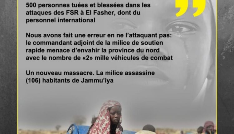 500 personnes tuées et blessées dans les attaques des FSR à El Fasher, dont du personnel international
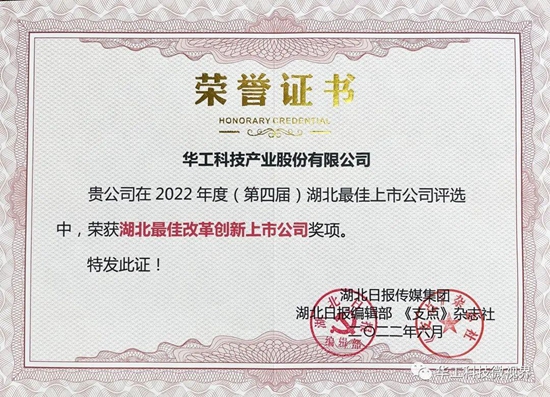 近日,2022年度(第四屆)湖北最佳上市公司評選結(jié)果揭曉,華工科技從120家A股、14家港股上市公司中脫穎而出,獲評湖北最佳改革創(chuàng)新上市公司獎項。
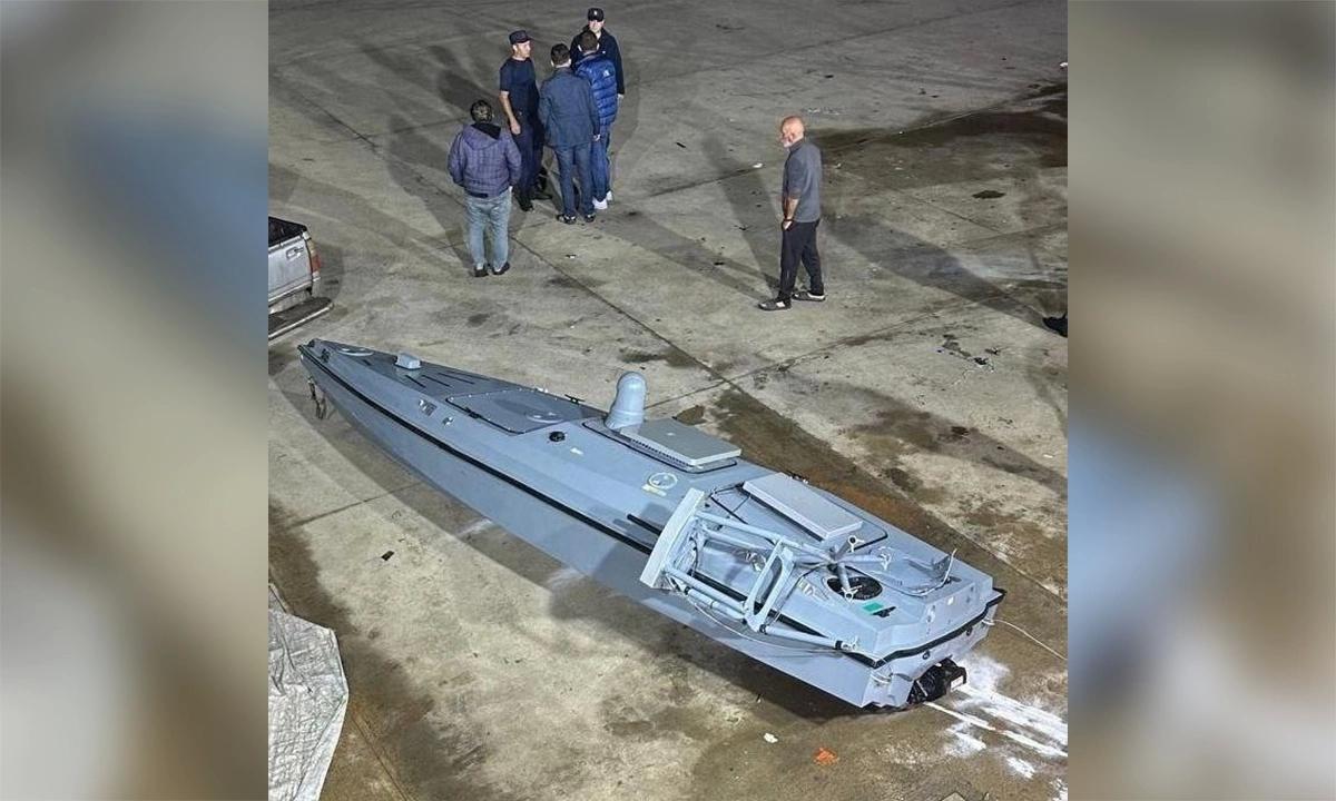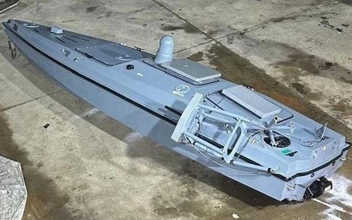 Chiếc xuồng được cho là loại Magura V5 — một mẫu xuồng không người lái (USV) được Ukraine phát triển cho chiến thuật tấn công tự sát hoặc trang bị vũ khí nhẹ, cảm biến, thiết bị truyền dẫn.
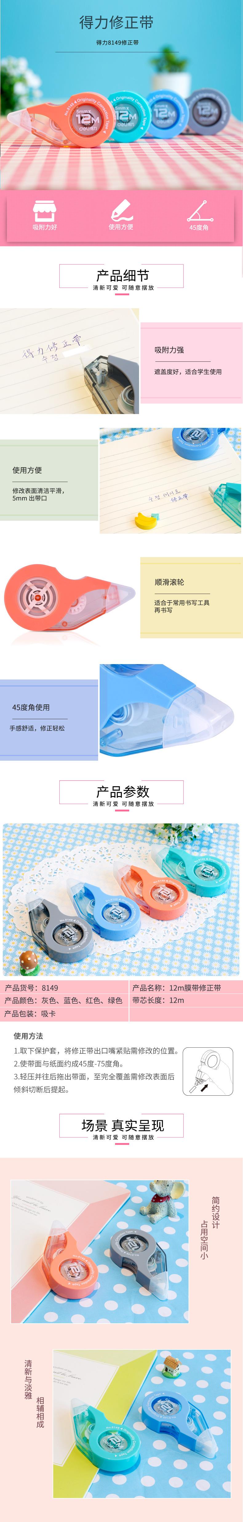 Papelería Deli al por mayor 8149 Cinta correctora 5 mm de ancho 12 m de largo Suministros para estudiantes Cinta correctora suave
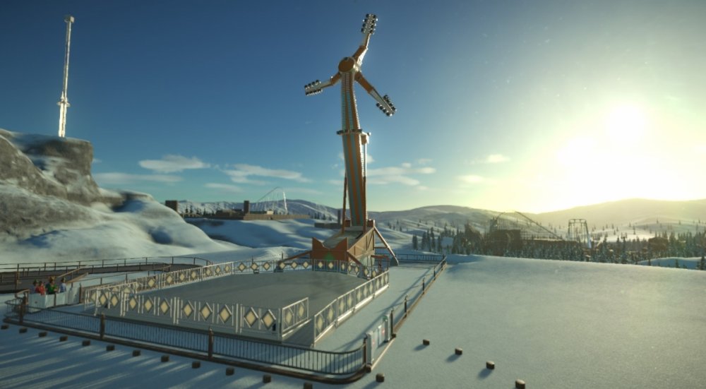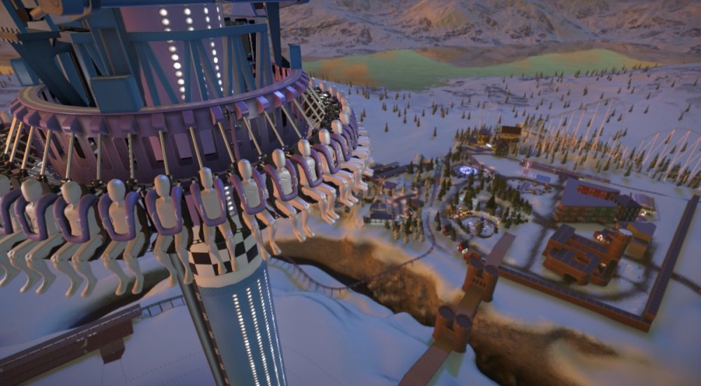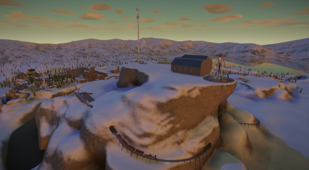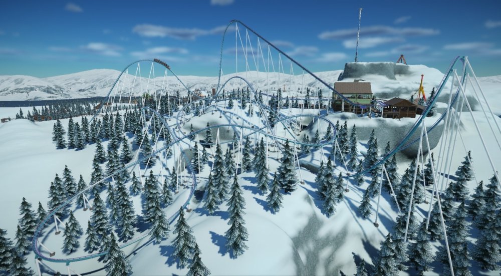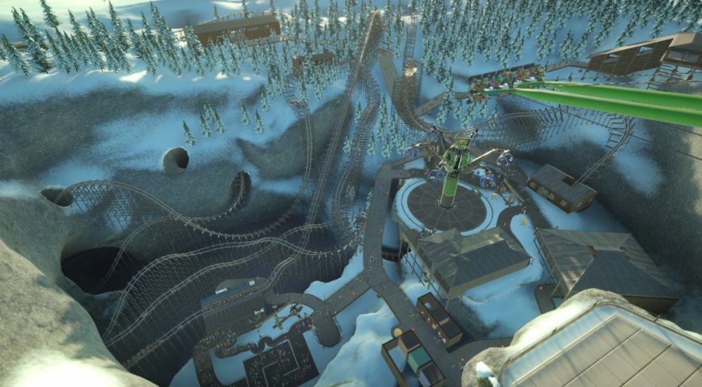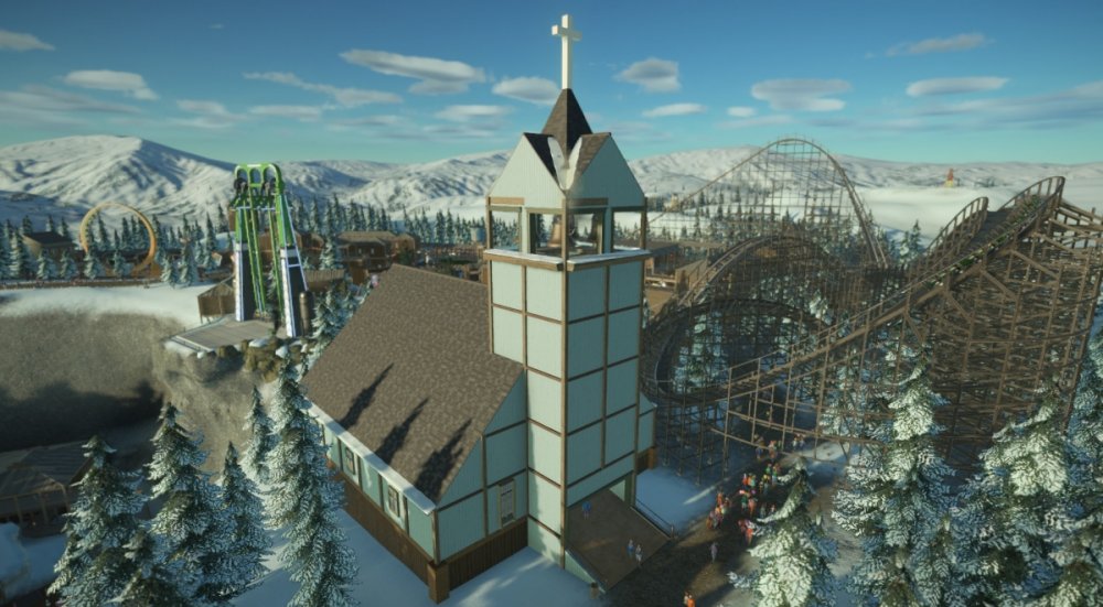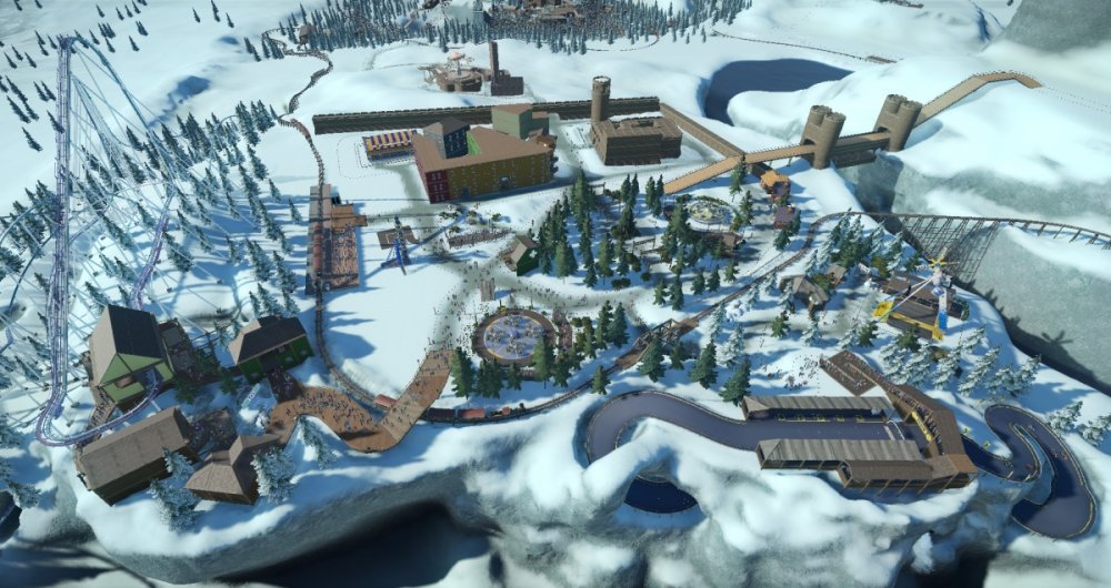 My interest in playing Planet Coaster has gone up and down a lot, and I have been veeerrrryyyyy slowly chipping away at this park. Little details here, big changes there, and at some point totally forgot to give updates to this park... which has now received quite the expansion since the last update here. I will attempt to shine light on what I can without getting too abundant on photos. 6 lands: (counterclockwise from bottom-right) Welcoming Center, Slums, Mining Pit, Gated City, Castle, and Farmlands. Slums/mining: The slums had received a bit more detailing after the majority of the layout was already setup. I'm comfortable enough to say that the slums is complete, but could definitely benefit from some more tiny details being thrown in. Knock knock? Get the door, it's religion. The mining pit also received some love. It still needs buildings to be built and more scenery thrown about, but the layout of the area and the attractions are all pretty set in stone. I'm not a fan of large, sprawling coasters, but this area asked for one considering it's the most dangerous of all the lands. The Forge, and Iron Fury roller coaster in the background. Iron Fury diving into its tunnel. Gated City: This area took a lot of thought on how I wanted it to look, but I think I can still get it to be consistent enough with the other lands. I'm aiming for a city/downtown-ish feel with a small park, carnival, and historic building mixed in. This area is still under heavy editing, so things will likely get changed and replaced at some point in the future, though. Gated City recent overview. WIP though, things are gonna be changed around pretty heavily. Snowflake flipping from the back corner. Yeti roller coaster. Castle: It wouldn't be Castle Tundra without a castle, right? That aspect is still in the works, but I slowly jump into this area to plant things and see how it fits into its own land and how it interacts with other lands. I'll come back to it eventually, likely once I get Gated City a lot more fleshed out. Gotta get sidewalk going up the slope to the top, and get base design of teh castle, courtyard, miscellaneous buildings, etc. Bare interior for now, but there's sidewalk in it and guests will be able to walk around inside. Realistically, that drop tower would never run. Too cold and too windy up there. Farmlands: The very last land I'll start building up are the rural farmlands that will grow crops for the surrounding lands. Easy walk to and from the welcoming center for guests. Windmill will receive a barn for its queue scenery, and a farmhouse will be close to it as well for eatery. I'm hoping to leave some space for the new game update that will allow tables to eat at as well so I can have patio spaces. Miscellaneous fun facts: -There was 7471 guests in the park when I shot my most recent screengrabs. -Tundra Express railway stretches 3572m long and currently runs 10 trains (probably only needs 8, but I'm experimenting for now). Each train runs 4 cars and holds 96 people. -
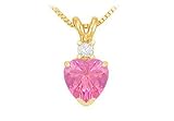 | ✚✚✚ Diamond and Pink Sapphire Solitaire Pendant : 14K Yellow Gold - 1.00 CT TGW Diamond and Pink Sapphi A heart-shaped natural pink sapphire is securely held in a luscious 14K yellow gold prong setting. Set atop a brilliant-cut diamond adds a touch of style. This gemstone pendant has a total weight (TGW) of 1.00ct and comes with a standard 16 14K yellow gold chain.
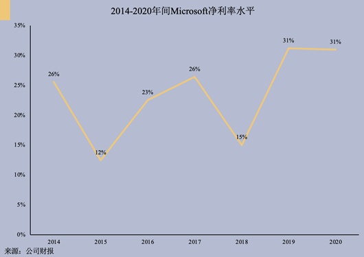 自研和併購共同驅動的遊戲業務。微軟在遊戲行業紮根已深,2020 年遊戲業務營收是 154 億美金,已經佔據 1.8 千億美金視頻遊戲市場的 8.3%,同樣也貢獻了公司 11% 的營收。在美國的遊戲網絡領域,微軟佔據半壁江山。據路透估計,暴雪收購案之後微軟會佔據全球遊戲市場 10.7% 的市場份額,排名第二。公司同時通過併購獲得暴雪等優質資產。視頻遊戲行業近年增速有所放緩,預計增速不超過 10%;公司遊戲業務 FY2015-2021 CAGR11%,略高於行業增速。
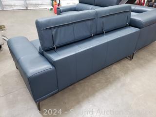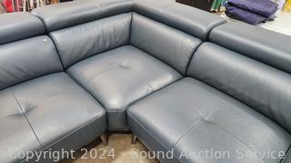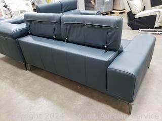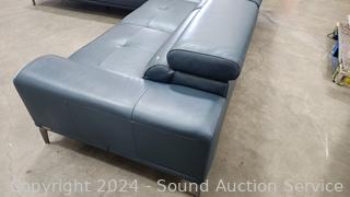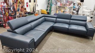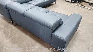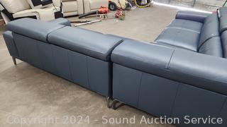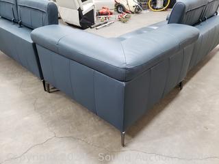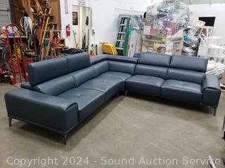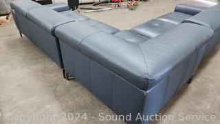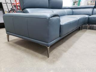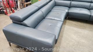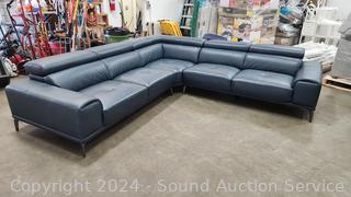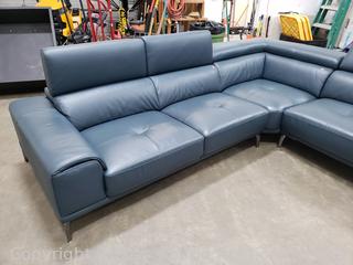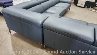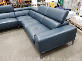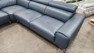 Lot #0005F: Abbyson Quinton Top Grain Blue Leather Sectional (Store Display)

──────────────────────────────

### What is being asked:
Your answer must be the records above, word for word, with every picture left out.

### Task response:
 500 personnes tuées et blessées dans les attaques des FSR à El Fasher, dont du personnel international
 近日,2022年度(第四屆)湖北最佳上市公司評選結(jié)果揭曉,華工科技從120家A股、14家港股上市公司中脫穎而出,獲評湖北最佳改革創(chuàng)新上市公司獎項。
 Chiếc xuồng được cho là loại Magura V5 — một mẫu xuồng không người lái (USV) được Ukraine phát triển cho chiến thuật tấn công tự sát hoặc trang bị vũ khí nhẹ, cảm biến, thiết bị truyền dẫn.
 Papelería Deli al por mayor 8149 Cinta correctora 5 mm de ancho 12 m de largo Suministros para estudiantes Cinta correctora suave
 My interest in playing Planet Coaster has gone up and down a lot, and I have been veeerrrryyyyy slowly chipping away at this park. Little details here, big changes there, and at some point totally forgot to give updates to this park... which has now received quite the expansion since the last update here. I will attempt to shine light on what I can without getting too abundant on photos. 6 lands: (counterclockwise from bottom-right) Welcoming Center, Slums, Mining Pit, Gated City, Castle, and Farmlands. Slums/mining: The slums had received a bit more detailing after the majority of the layout was already setup. I'm comfortable enough to say that the slums is complete, but could definitely benefit from some more tiny details being thrown in. Knock knock? Get the door, it's religion. The mining pit also received some love. It still needs buildings to be built and more scenery thrown about, but the layout of the area and the attractions are all pretty set in stone. I'm not a fan of large, sprawling coasters, but this area asked for one considering it's the most dangerous of all the lands. The Forge, and Iron Fury roller coaster in the background. Iron Fury diving into its tunnel. Gated City: This area took a lot of thought on how I wanted it to look, but I think I can still get it to be consistent enough with the other lands. I'm aiming for a city/downtown-ish feel with a small park, carnival, and historic building mixed in. This area is still under heavy editing, so things will likely get changed and replaced at some point in the future, though. Gated City recent overview. WIP though, things are gonna be changed around pretty heavily. Snowflake flipping from the back corner. Yeti roller coaster. Castle: It wouldn't be Castle Tundra without a castle, right? That aspect is still in the works, but I slowly jump into this area to plant things and see how it fits into its own land and how it interacts with other lands. I'll come back to it eventually, likely once I get Gated City a lot more fleshed out. Gotta get sidewalk going up the slope to the top, and get base design of teh castle, courtyard, miscellaneous buildings, etc. Bare interior for now, but there's sidewalk in it and guests will be able to walk around inside. Realistically, that drop tower would never run. Too cold and too windy up there. Farmlands: The very last land I'll start building up are the rural farmlands that will grow crops for the surrounding lands. Easy walk to and from the welcoming center for guests. Windmill will receive a barn for its queue scenery, and a farmhouse will be close to it as well for eatery. I'm hoping to leave some space for the new game update that will allow tables to eat at as well so I can have patio spaces. Miscellaneous fun facts: -There was 7471 guests in the park when I shot my most recent screengrabs. -Tundra Express railway stretches 3572m long and currently runs 10 trains (probably only needs 8, but I'm experimenting for now). Each train runs 4 cars and holds 96 people. -
 | ✚✚✚ Diamond and Pink Sapphire Solitaire Pendant : 14K Yellow Gold - 1.00 CT TGW Diamond and Pink Sapphi A heart-shaped natural pink sapphire is securely held in a luscious 14K yellow gold prong setting. Set atop a brilliant-cut diamond adds a touch of style. This gemstone pendant has a total weight (TGW) of 1.00ct and comes with a standard 16 14K yellow gold chain.
 自研和併購共同驅動的遊戲業務。微軟在遊戲行業紮根已深,2020 年遊戲業務營收是 154 億美金,已經佔據 1.8 千億美金視頻遊戲市場的 8.3%,同樣也貢獻了公司 11% 的營收。在美國的遊戲網絡領域,微軟佔據半壁江山。據路透估計,暴雪收購案之後微軟會佔據全球遊戲市場 10.7% 的市場份額,排名第二。公司同時通過併購獲得暴雪等優質資產。視頻遊戲行業近年增速有所放緩,預計增速不超過 10%;公司遊戲業務 FY2015-2021 CAGR11%,略高於行業增速。
 Lot #0005F: Abbyson Quinton Top Grain Blue Leather Sectional (Store Display)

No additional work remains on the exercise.